The classical prognostic factors for GC include tumor size, lymphovascular invasion, nodal involvement, positive peritoneal cytology, signet ring cell adenocarcinoma,^1,2,4 age, sex,⁶ and obesity.^7,8 TNM (T: primary tumor, N: lymph node, M: distant metastasis) staging system and histopathological classification have been widely used as the prognostic tools for GC, which can help to formulate the treatment strategy.^1,4,5 However, their predictive ability remains limited.^9-11 Novel prognostic biomarkers are also being explored, with similar restrictions.^12-14 In recent years, several functional imaging methods such as computed tomography (CT) perfusion, diffusion-weighted imaging (DWI), and dynamic contrast-enhanced magnetic resonance imaging have been developed. The stomach is a hollow moving organ filled with liquid and gas, and its motion may exacerbate artifacts, resulting in image distortion and ghosting. In addition, concerning the DWI sequence, susceptibility artifacts, distortions, and blurring are inevitable due to the slow traversal through the k-space line and the narrow bandwidth along the phase encoding direction.¹⁵ Among them, emerging radiomics is a promising prognostic tool for GC. Radiomics signatures, which compose of a series of CT texture features, are considered to be a stronger predictive factor, providing additional information beyond the traditional clinical factors.^16,17

Previous studies examined the predictive value of radiomics in GC prognosis. A study showed that radiomics could predict recurrence-free survival (RFS) in locally advanced GC.¹⁸ Another radiomics-based model could predict lymphovascular invasion and progression-free survival (PFS) but not overall survival (OS).¹⁹ However, GC radiomics is still in its infancy, facing multiple challenges.²⁰

Therefore, this study aimed to predict the disease-free survival (DFS) after GC surgery based on preoperative CT-enhanced images combined with clinical features. The results may help to improve the ability to predict DFS after gastrectomy.

Methods

Study design and patient data

This retrospective study analyzed the clinical, imaging, and pathological data of patients who underwent gastric adenocarcinoma resection from June 2015 to May 2019. The study was approved by the Ethics Committee. The decision number of Ethics Committee approval is LW-20220210001-01.

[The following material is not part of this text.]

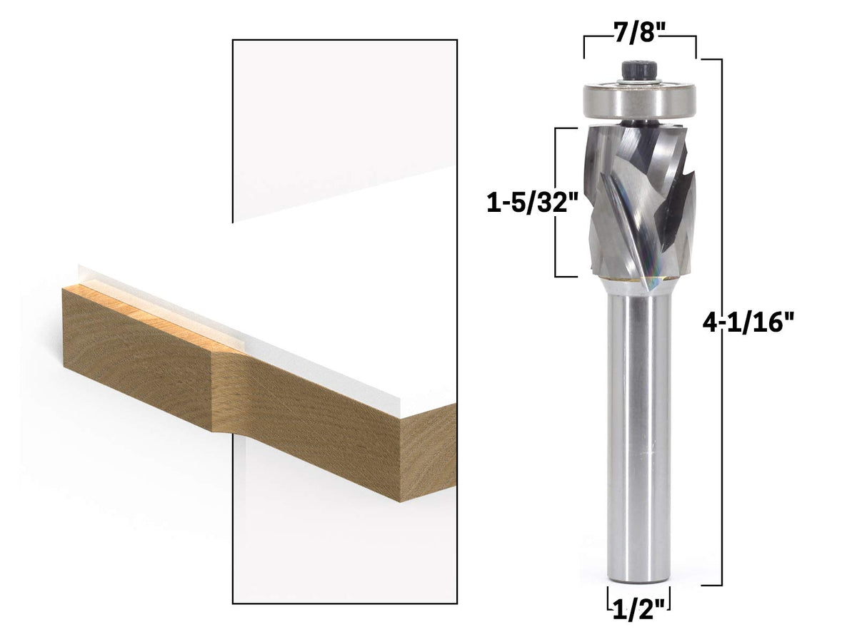 This Bottom Bearing Ultra-Perfomance Compression Flush Trim Router Bit has a 1-1/8' cutting height and a 7/8' diameter with an overall length of 4-1/16' and a 1/2' shank.

All patients were pathologically diagnosed with gastric adenocarcinoma according to the 2010 World Health Organization (WHO) Classification of Tumours of the Digestive System.²¹ The inclusion criteria were (1) diagnosis of gastric adenocarcinoma by pathological examination, (2) complete clinical, imaging, and pathological data, (3) no anti-tumor treatment before CT examination, and (4) radical GC surgery within 2 weeks after CT examination. The exclusion criteria were (1) poor image quality, (2) the lesion being too small to delineate the region of interest (ROI), or (3) follow-up <6 months.

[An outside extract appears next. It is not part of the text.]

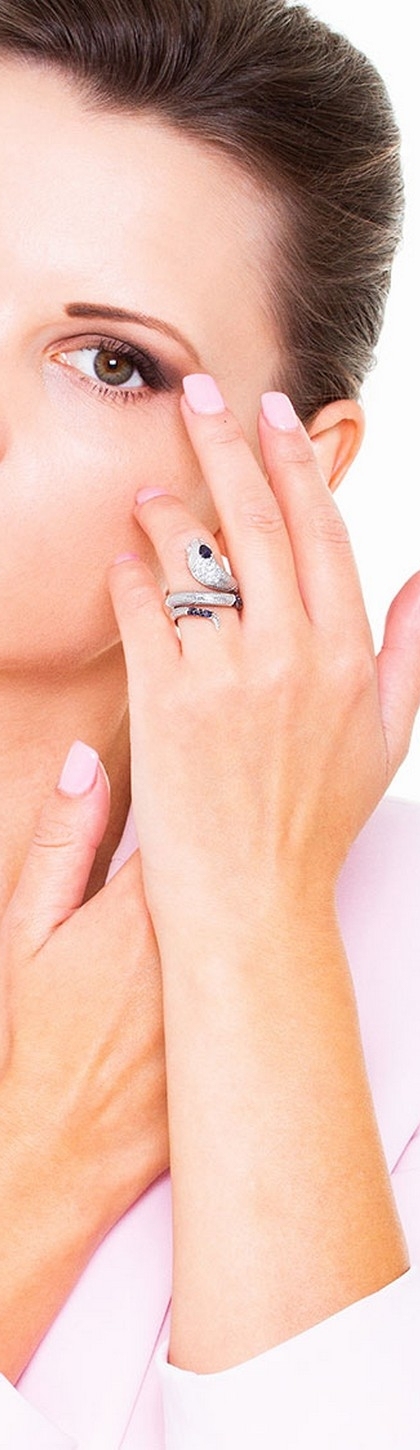 Weißgold Ring Schlange mit Saphiren und Diamanten

The included patients were randomly divided into the training and validation groups in a 2 : 1 ratio.

Follow-up

GC patients were followed up routinely every 3 months during the first 2 years after surgery and every 6 months thereafter. Follow-up was censored on May 30, 2019. Routine follow-up included laboratory examinations (carcinoembryonic antigen (CEA), cancer antigen (CA)-125, CA-199, etc.) and imaging examinations (CT plain and enhanced scans), positron emission tomography-CT, and magnetic resonance imaging if deemed necessary.

The primary outcome was DFS. DFS was defined as the period from the first postoperative day to tumor recurrence, diagnosis of metastasis, or all-cause death, whichever occurred first.

Observational indicators

Clinical factors that might be related to DFS included sex, age, pathological diagnosis, histological differentiation, depth of invasion, number of metastatic lymph nodes, tumor markers (CEA, CA-125, CA-199, CA-153, and neuron-specific enolase), and immunohistochemistry staining results for CD34, vascular endothelial growth factor, epidermal growth factor receptor, and Human epidermal growth factor receptor-2 (HER-2) (0 = negative, 1 = weakly positive, and 2 = strongly positive), Ki-67 index, and adjuvant treatment. Histological differentiation was classified into well-differentiated, highly moderately differentiated, moderately differentiated, moderately poorly differentiated, and poorly differentiated. The postoperative pathological staging was determined according to the standards stated in the eighth edition of American Joint Committee on Cancer.

There were several forms of adjuvant treatment. We considered these adjuvant treatments had effects on DFS, so we considered the adjuvant treatment as one variable.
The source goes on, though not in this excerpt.